Perhaps I should not bereave so, my mind tells me - Galadriel is, after all, sure to come upon more joy on the western shores than in the fading lands of Men, and I would grudge her no little pleasure that once she rejoiced in here, with me. And it was not as if she had simply departed that one day; she had drifted, deliberately as she had done all, with her own leave-taking in mind at the end. I know not if she did it out of her love for me, or the waning thereof. Sometimes, though, the fact that she had sunk - or risen, perhaps - out of my reach so slowly, so inexorably, wreaks the most grief on my heart. That my love for her had once been enough to keep her with me through the ages, and so soon became inadequate.

I cannot forget my own sorrow now, wandering among the senescent lands of once-bountiful Imladris among what remains of my kin. Lorien was as in a stasis, unchanged over the years that passed, and mayhap in that lies some of my sorrow. I was the lord of Lorien, the soul of the mellyrn, and I did not, could not change as the Ring of Water wrought its own changes on Galadriel. So often would she tell me: "To bear a Ring of Power is to be alone."

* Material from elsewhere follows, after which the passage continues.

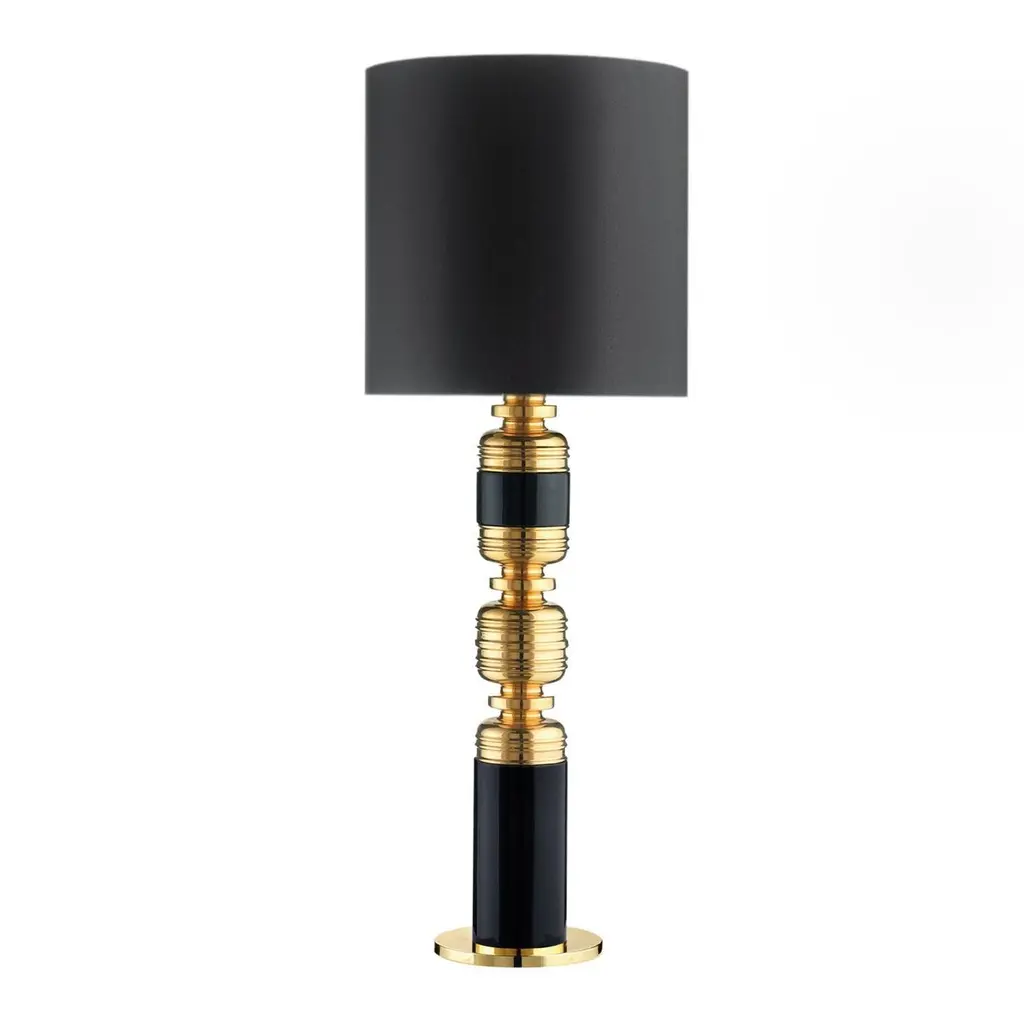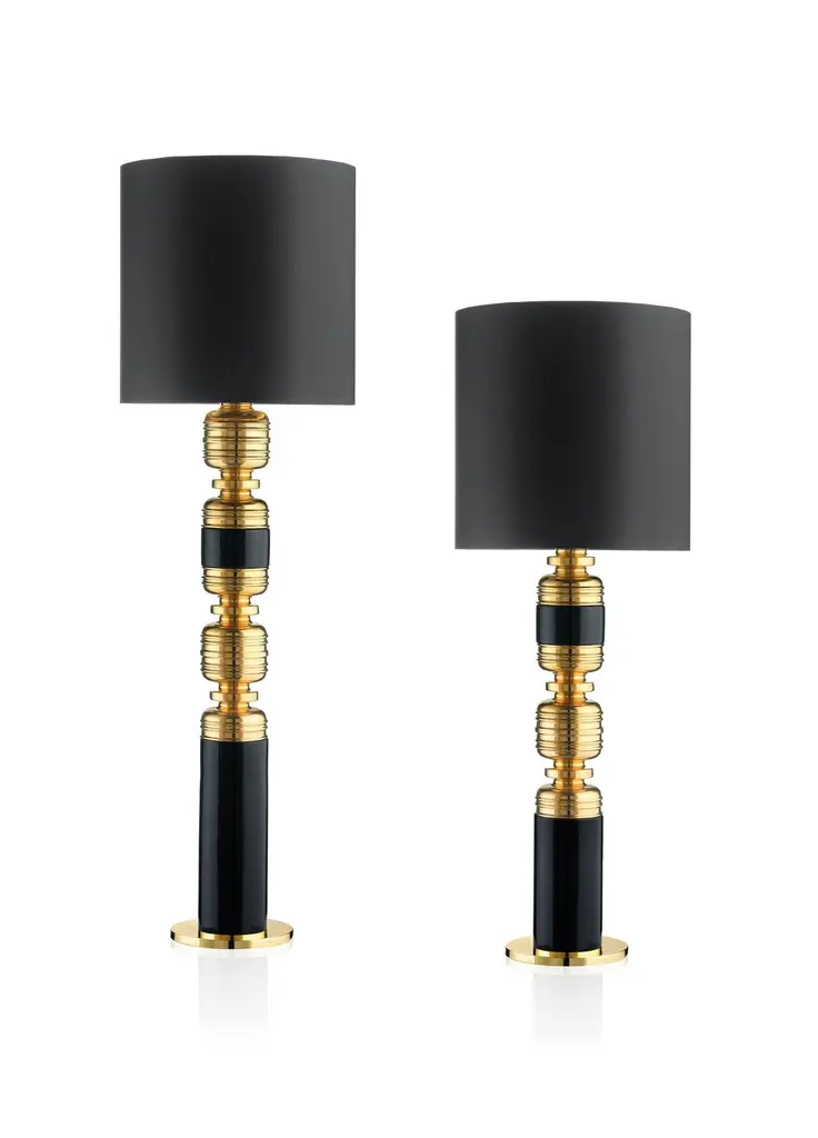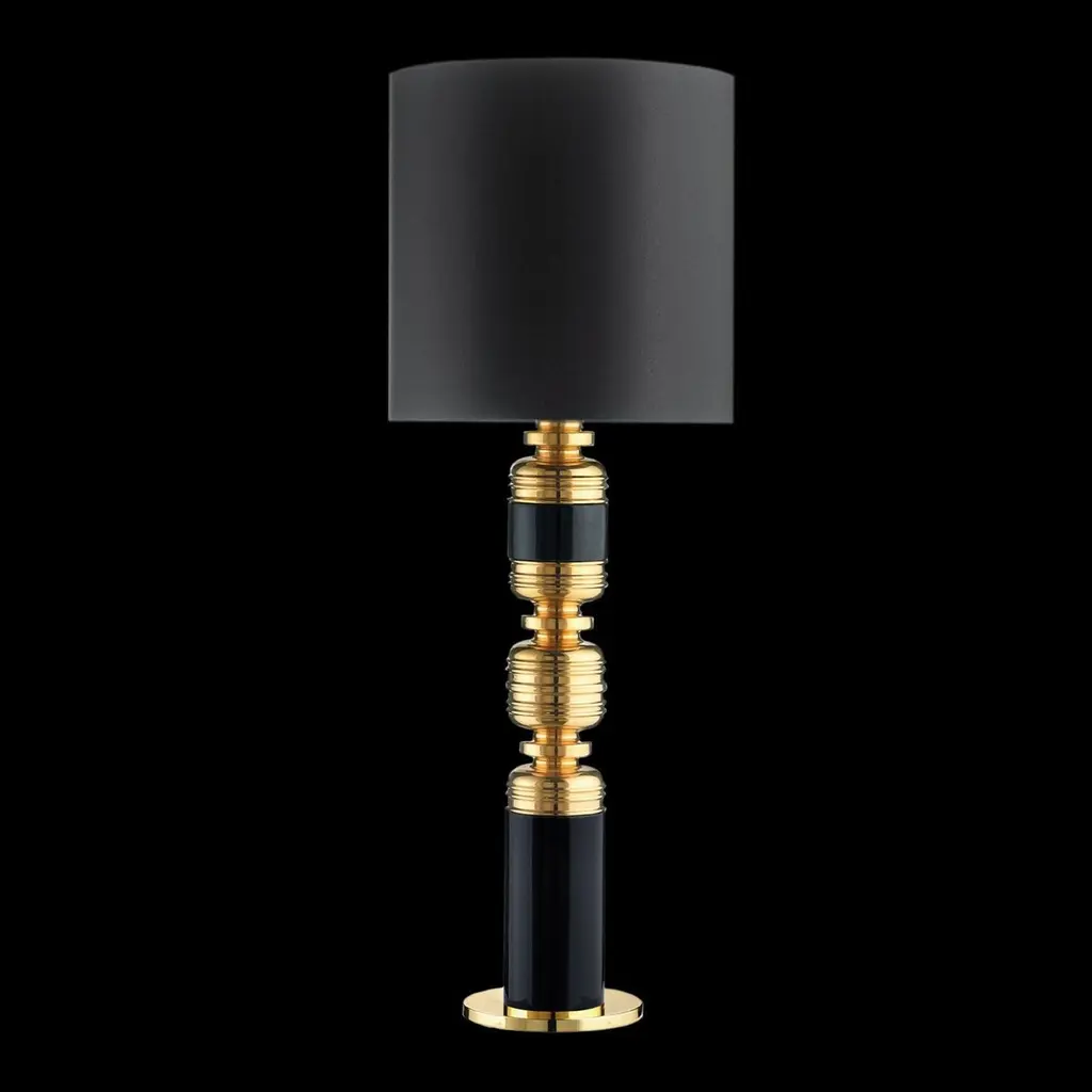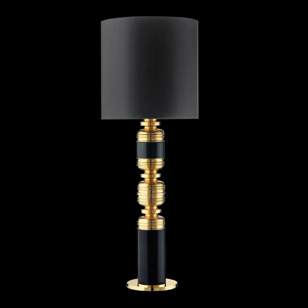 Ceramic lamp THEA 4 handcrafted in 24-karat gold combined with black enamel with cotton lampshadecod. LT004Measures: H. 123.0 cm. - Dm. 40.0 cm.

I would say in kind, "Let another bear it, and be alone no longer. Be with me."

But she would not, and it wearied her soul and her mind to no purpose, no end. And in the end, still she bore her Ring, and cut me adrift in its stead.

In her place, I put this land - my home - where I will stay, and defend it until all has come to pass and the world come to an end. And until then, I will linger with my hope, mingled with the sorrow that is ever clearer without her presence, and wait for a time when I will meet her again, if that time should come.